(pHH) precedes onset of CNS oxygen toxicity (CNS-OT)

Poiklocapnic hyperoxic hyperventilation (pHH) precedes onset of CNS oxygen toxicity (CNS-OT): evidence for the hypothesis that hyperbaric hyperoxia (HBO2) stimulates medullary CO2chemoreceptors and respiration prior to seizure Raffaele Pilla, Michael Matott, Carol S. Landon, Jay B. Dean. Molecular Pharmacology and Physiology, University of South Florida, Tampa, FL HBO2 stimulates CO2-chemoreceptors, ventilation, and can cause CNS-OT (seizures). We hypothesize that a predictable pattern of pHH precedes seizure. 118 male rats were implanted with radiotransmitters to assess diaphragmatic EMG and EEG. After ≥7 days, a rat was placed in a sealed chamber inside a hyperbaric chamber. The rat chamber (100% O2) and hyperbaric chamber (air) were pressurized to 4 or 5 ATA. Each rat underwent 3 dives, 1 dive/week (n = 9 rats/group). Breathing 5ATA O2 induced seizure in 29.2 + 4.4min, preceded by an increased tidal volume (VT) and respiratory frequency (fRESP) ~5 and ~8min prior to seizure. Similar results were noted at 4ATA O2: seizures occurred after 96.1 + 10.2min preceded by increased VT and fRESP ~8min prior to seizure.

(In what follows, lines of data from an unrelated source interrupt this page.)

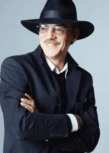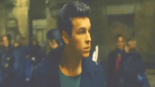 A long-haired man being interviewed makes a peace sign and eats a white substance from his fingers.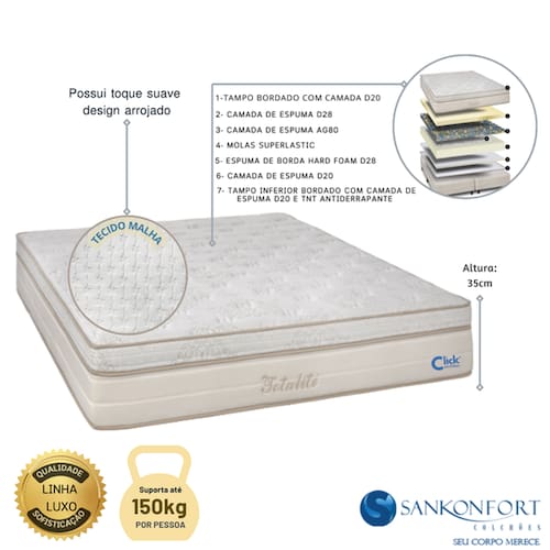 A tecnologia Superlastic Spring garante molas contínuas entrelaçadas e helicoidais, proporcionando maior resistência, durabilidade e um molejo perfeito que distribui o peso de forma uniforme por toda a superfície. O acabamento sofisticado complementa a alta qualidade do produto, tornando o Colchão Totalité a escolha ideal para quem busca noites de sono mais tranquilas, confortáveis e com um toque de elegância.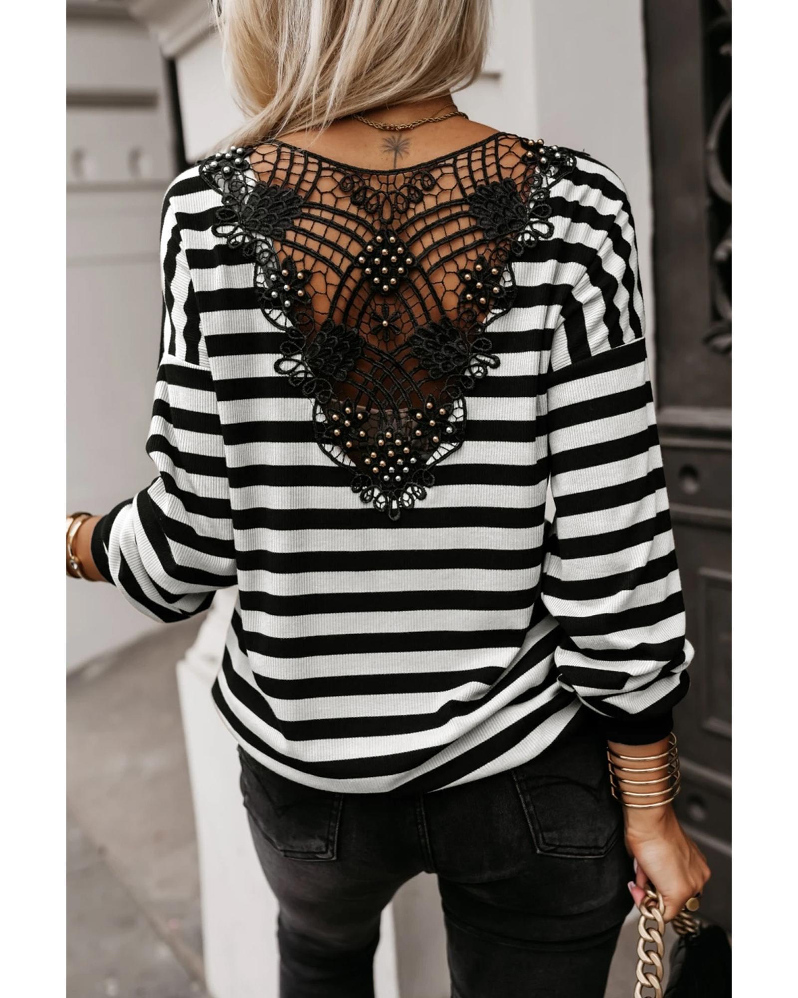 Black Stripe Crochet Hollow-out Back Buttoned Shoulder V Neck Top – L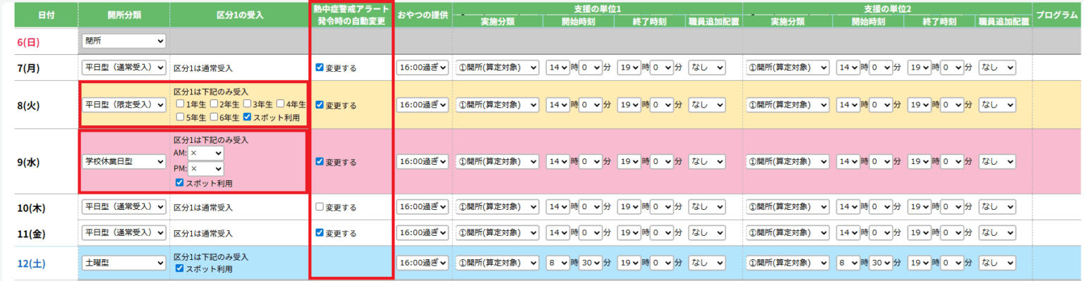 熱中症警戒アラート発令時の自動変更の欄から、開所分類と区分1の受入の自動変更の有無の設定を行うことができます。

We conclude that ventilation is a reliable predictor of an impending HBO2 seizure while breathing poikilocapnic hyperoxia at rest. In addition, the ventilatory response to normobaric hypercapnia (5% CO2 in air) was positively correlated with that of pHH at 4ATA (r2= 0.84) and 5ATA (r2= 0.65), suggesting that HBO2 was stimulating central CO2-chemoreceptor neurons, as we previously reported in rat brain slice studies (ONR).